I have attached a rough floor plan for your review.  Basically, we want to make the wall represented by the red lines into a half wall surrounding the basement stairs.  The length of the wall we would be removing is maybe 15'.  The roof is a hip roof with regular spliced rafters.  In the basement, there is a steel beam running the length of the house, sitting directly beneath the red wall on the right hand side.  Therefore, I'm pretty sure that is my load bearing wall.  We really don't want to do a beam and header and sacrifice head room.  I was talking to my father-in-law and he suggested going into the attic crawl space, cutting an area in the rafters and installing a beam from the end of the house to the hallway (represented by the blue lines) and then using joist hangers to tie the rafters into the beam.  We also talked with another family member who does general contracting and he suggested running lvl from the one end to the hallway above the rafters and then tying the rafters into that lvl, which would be easier because I wouldn't have to cut the rafters, provide temporary support inside the house, etc.  I could get the lvl up there, tie the rafters into it, and then begin removing the wall.  No the question is, do they make some kind of special joist hanger for a beam that is overhead?  I did a search and could only come up with standard joist hangers and hurricane/rafter ties.  I don't think those would be sufficient, but I'm not sure.  Any suggestions?


----------



## glennjanie (Aug 24, 2009)

Welcome Ikessky:
I vote for the beam above the joists to hang them on. If you have manufactrured trusses, you don't need to support it at all.
If you use a glu-lam beam rather than a steel beam, your regular hangers would work just fine.
Glenn


----------



## inspectorD (Aug 25, 2009)

Get a permit, then run your ideas past your building inspector. they will let you know what is acceptable. 
If you do not get a permit and something should fail, your insurance may not cover you. 
And if you sell the home, you should have all the paperwork for your renovation, or it can create a lost sale.
Go for what is called a flush beam. 
Good luck.


----------



## ikessky (Aug 25, 2009)

Thanks everyone.  I'm thinking that I'll probably just have my family members who are GC's come over and install the beam and I'll do the rest of the work removing the wall and what not.  Knowing them, they probably won't even charge me if I can lend them a hand doing something else.  That way the work is certified as I don't plan on necessarily keeping this house forever.


----------



## OntarioGeneralContracting (Mar 24, 2010)

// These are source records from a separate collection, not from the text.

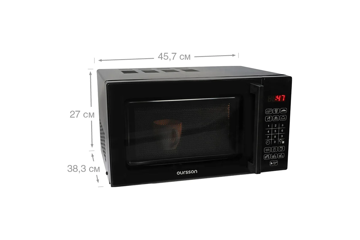 Стильная микроволновая печь MD2043G Oursson имеет современное исполнение без поворотного стола. При компактных внешних габаритах (ШхГхВ) 457x383x271 мм данная модель имеет просторную внутреннюю камеру объёмом 20 литров. Отсутствие выступов и переходов внутри печи делают ее максимально удобной при чистке и эксплуатации - в такое изделие поместится посуда любых размеров. СВЧ-печь мощностью 700 Вт имеет 6 стандартных программ приготовления, 6 уровней мощности, таймер на 60 минут, а также функцию «Разморозка по весу» и «Разморозка по времени». Сенсорная панель управления проста и интуитивно понятна пользователю. Эргономичная ручка, расположенная на фронтальной панели, позволяет легко открыть прибор без его смещения, что дополнительно обеспечивают 4 устойчивых ножки. Эмалевое покрытие внутренней камеры способствует простой чистке прибора. Микроволновая печь снабжена автоотключением при перегреве и перегрузке, а безопасность малышам обеспечивает функция «Защита от детей».
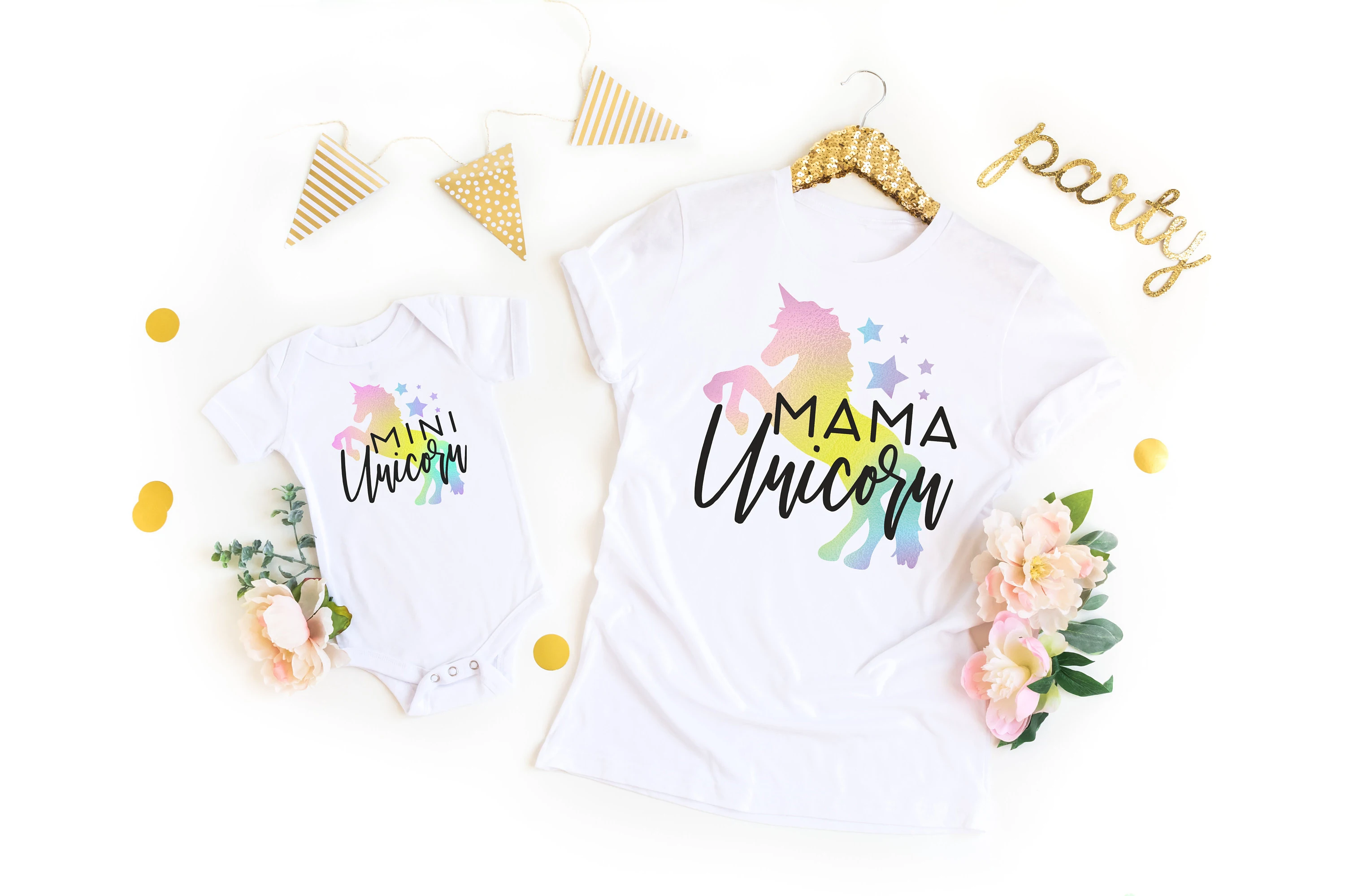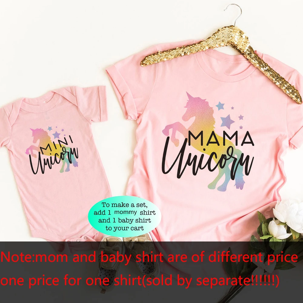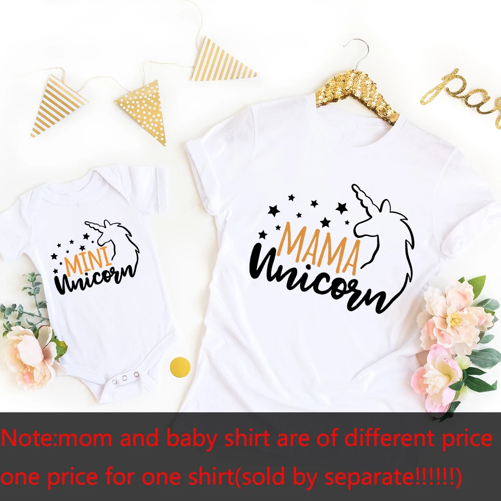 3 вида конструкций мини-рубашки с изображением единорога для мамы и дочки, футболки для мамы и дочки, одинаковые комплекты для мамы и ребенка
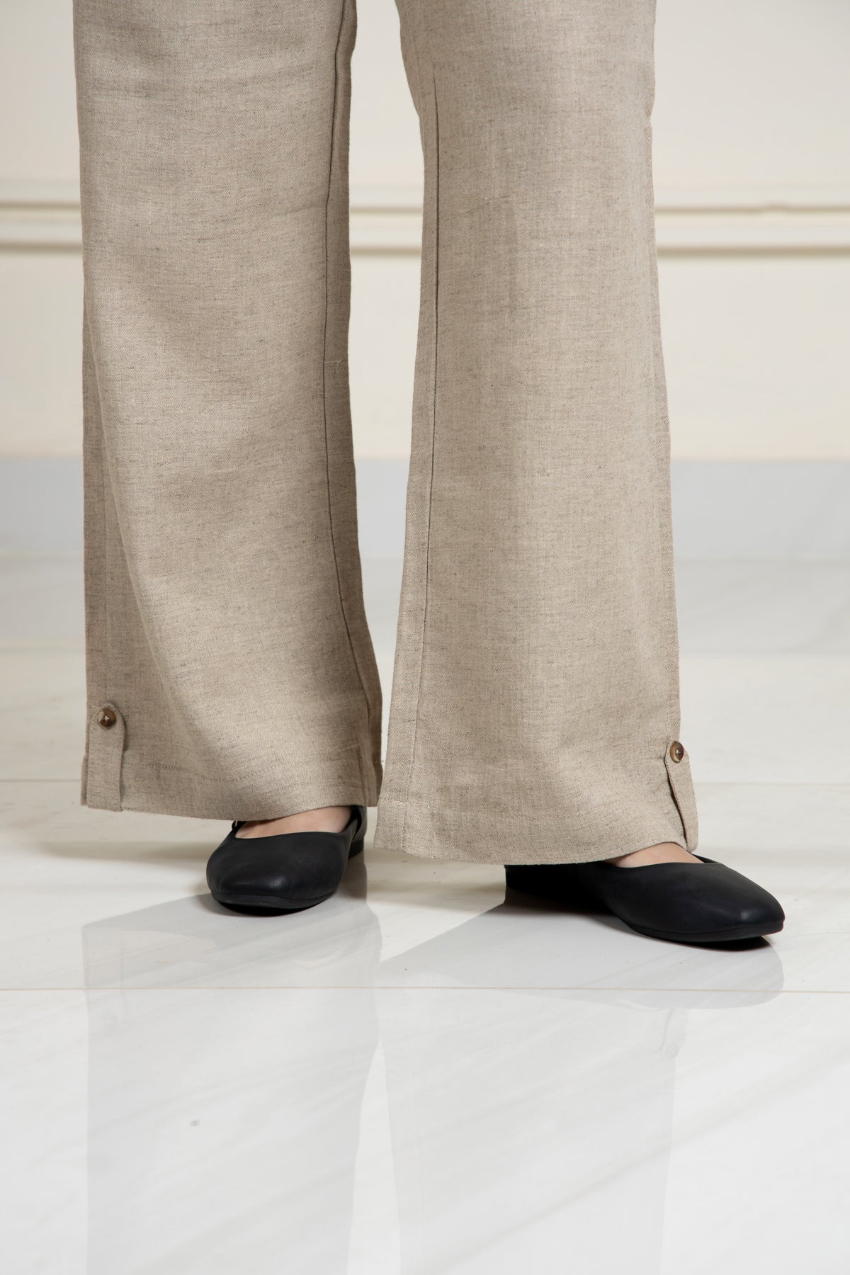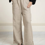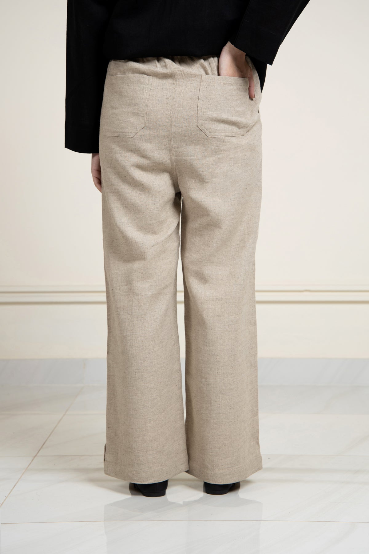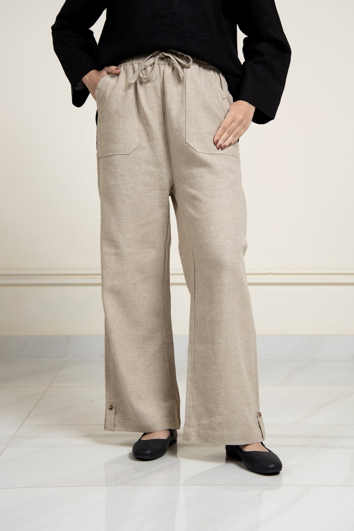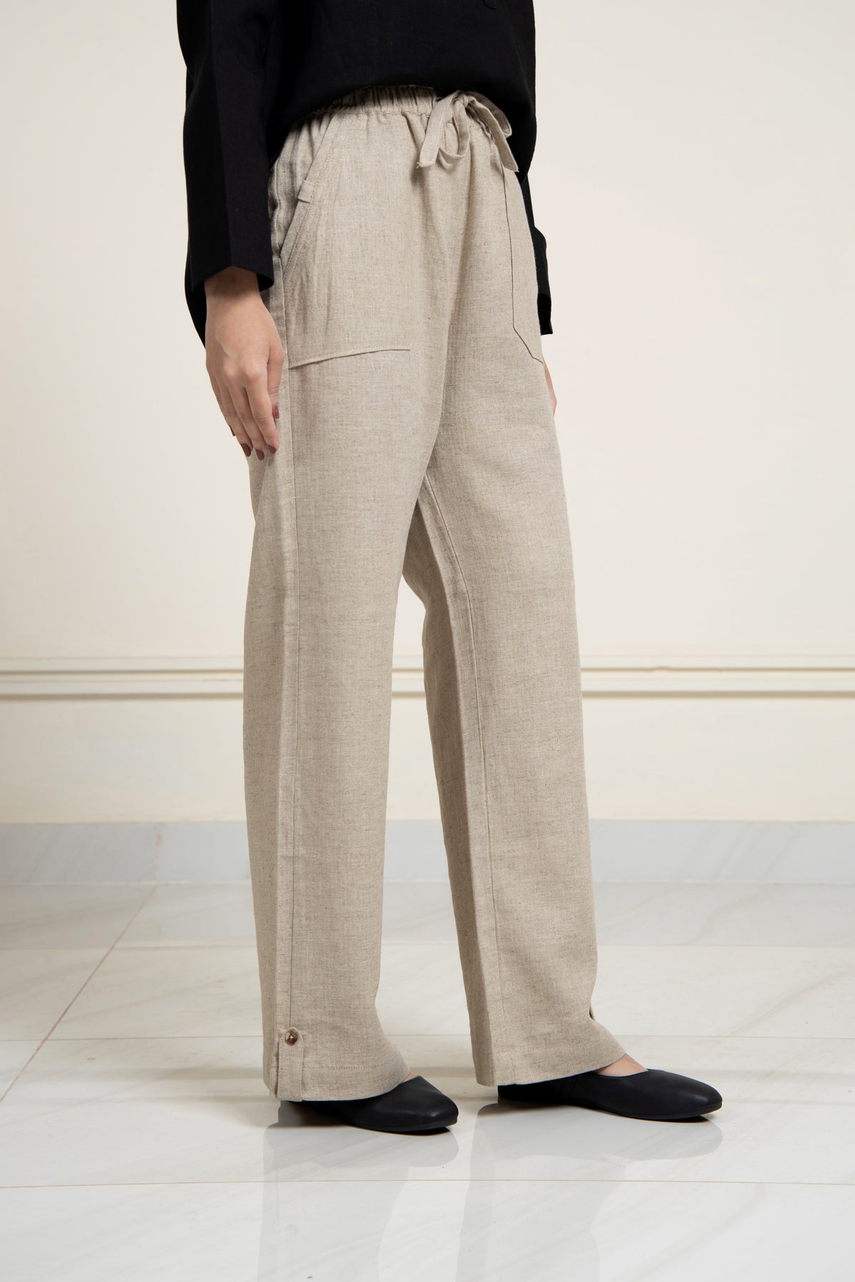 Design details: Straight legged linen trousers with cross posckets and drwacord
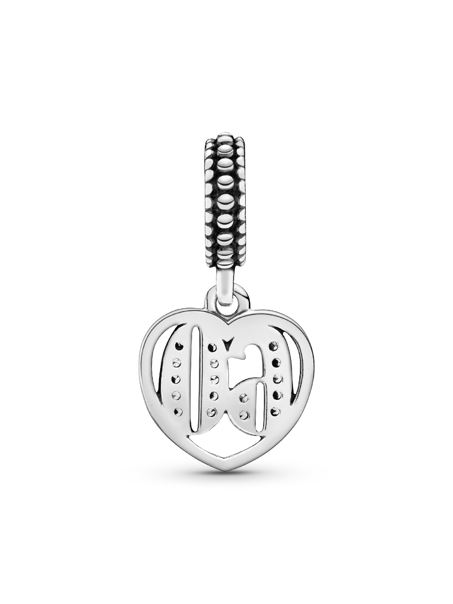 Detailed with the number 60, our celebratory dangle charm in sterling silver is set with glittering cubic zirconia for subtle sparkle. The heart-shaped style is ideal for commemorating a 60th birthday or anniversary – or whatever the number means to you. Thread it on a Pandora Moments bracelet or wear it as a pendant on a necklace chain.
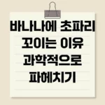 바나나에 초파리 꼬이는 이유 과학적으로 파헤치기 여름철, 달콤한 바나나를 식탁에 둔 순간 어김없이 나타나는 불청객, 초파리! 왜 하필 바나나일까요? 이 글에서는 초파리가 바나나에 그토록 열광하는 과학적인 이유를 명쾌하게 밝히고, 초파리로부터 바나나를 안전하게 지키는 실용적인 방법들을 제시합니다. 초파리, 그들은 누구인가? – 생태와 습성 이해 초파리는 파리목 초파리과에 속하는 작은 곤충으로, 전 세계적으로 약 1,500종 이상이 보고되어
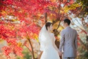 紅葉がとても綺麗ば場所で新婦さまのソロショットを撮影

That sounds like a good plan!


----------



## frozenstar (Mar 24, 2010)

inspectorD said:


> Get a permit, then run your ideas past your building inspector. they will let you know what is acceptable.
> If you do not get a permit and something should fail, your insurance may not cover you.
> And if you sell the home, you should have all the paperwork for your renovation, or it can create a lost sale.
> Go for what is called a flush beam.
> Good luck.



Absolutely agree with you on this.  Getting a professional is worth it.


----------